After the initial animal preparation, the pigs were stabilized for 30 min and baseline measurements (T_Baseline) were taken. ARDS was induced by repeated bilateral bronchoalveolar lavage with 30 ml/kg of isotonic saline (38 ℃). After stabilization, an arterial blood gas sample was obtained to verify that the ratio of partial pressure of arterial oxygen PaO₂ and FiO₂ decreased to less than 100 mmHg, followed by 1 h of injurious mechanical ventilation (PEEP 0 cmH₂O and distending pressure 35 cmH₂O in PCV). PaO₂/FiO₂ remained less than 100 mmHg for 30 min (T_ARDS) with an increase of FiO₂ to 1.0.

The mechanical ventilation mode was then switched to HFOV (FiO₂ 1.0; respiratory frequency 9 Hz; inspiratory time 33%; ∆pressure 70 cmH₂O), and a recruitment maneuver was performed (mPaw of 40 cmH₂O for 40 s) after 15-min HFOV ventilation. After recruitment, stepwise mPaw decrements were performed from 36 to 9 cmH₂O with a step of 3 cmH₂O decrease every 6 min. (Flowchart of the study is showed in Additional file 1: Figure S1). CVP, PAWP, MAP and CO were recorded at every pressure level. All blood gas measurements were performed using an automated blood gas analyzer (Nova M; Nova Biomedical, Waltham, MA, USA).

Continuous EIT measurements started after tracheostomy (PulmoVista 500, Dräger Medical, Lübeck, Germany).
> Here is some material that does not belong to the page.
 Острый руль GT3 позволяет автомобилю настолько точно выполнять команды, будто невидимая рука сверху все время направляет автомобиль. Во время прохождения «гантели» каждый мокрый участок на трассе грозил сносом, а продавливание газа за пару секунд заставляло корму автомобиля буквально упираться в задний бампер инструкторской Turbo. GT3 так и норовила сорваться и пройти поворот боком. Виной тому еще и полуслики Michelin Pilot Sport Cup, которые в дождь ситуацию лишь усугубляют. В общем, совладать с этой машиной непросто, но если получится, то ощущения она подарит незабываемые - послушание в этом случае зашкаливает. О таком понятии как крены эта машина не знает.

An EIT electrode belt with 16 electrodes was placed around the thorax 5 cm above the xyphoid level and one reference ECG electrode was placed at the abdomen. The frequency of injected alternating current was selected automatically according to the noise spectrum. The images were continuously recorded and reconstructed at 40 Hz. The EIT data were reconstructed using a finite element method-based linearized Newton–Raphson reconstruction algorithm [22]. Baseline of the images was referred to the lowest impedance value measured during T_ARDS. Oscillatory impedance variations of every 5 s were averaged to present the ventilation distribution. One-minute period at the end of each mPaw step was used for further EIT analysis.

MAP and CO increased while CVP and PAWP decreased along with the decremental mPaw trial. Hemodynamic data during the mPaw trial are plotted in Additional file 1: Table S1.
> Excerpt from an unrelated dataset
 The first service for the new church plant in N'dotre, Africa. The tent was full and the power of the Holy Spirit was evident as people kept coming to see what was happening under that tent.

The effect of mPaw on the PaO₂/FiO₂ and partial pressure of arterial carbon dioxide (PaCO₂) during HFOV are shown in Additional file 1: Figure S2. During the decremental phase, significant decrease in PaO₂/FiO₂ and increase in PaCO₂ were found between the mPaw step of 18 cmH₂O and 15 cmH₂O (p < 0.001) (Additional file 1: Figure S2 left). The optimal mPaw calculated by individual animal with respect to PaO₂/FiO₂ was 21 (18.0–21.0) cmH₂O.

CoV decreased along with mPaw decrease revealing a redistribution of ventilation toward non-dependent regions (Fig. 1, left). The optimal mPaw with respect to EIT-CoV in all pigs was 19.5 (15.0–21.0) cmH₂O and the values among individuals varied a lot.

EIT-derived overdistended regions decreased as mPaw decreased (Fig. 1, right, green circles). At the same time, recruitable regions increased (black stars). The optimal mPaw using the approach based on the calculated EIT-collapse/over was 19.5 (18.0–21.8) cmH₂O.

The optimal mPaw with respect to PaO₂/FiO₂ was 21 (18.0–21.0) cmH₂O, that is comparable to EIT-based center of ventilation (EIT-CoV) and EIT-collapse/over, 19.5 (15.0–21.0) and 19.5 (18.0–21.8), respectively (p = 0.07). The differences between the selected mPaw according to oxygenation and according to “EIT-Cov” and “EIT-collapse/over” were compared with Bland–Altman plots (Fig. 2). The differences in mPaw selection between oxygenation and EIT-based methods could be as high as 6 cmH₂O in some pigs. The optimal mPaw settings derived from oxygenation, EIT-CoV and EIT-collapse/over were compared (Table 1). In Fig. 3, overdistended and recruitable regions at mPaw levels selected based on oxygenation were illustrated. In each pig, the optimal mPaw defined with oxygenation was given (x-axis). The mPaw titrated by EIT-based indices improved regional air distribution with respect to overdistension and collapse (comparison among 3 mPaw titration strategies, p = 0.035) (Table 2).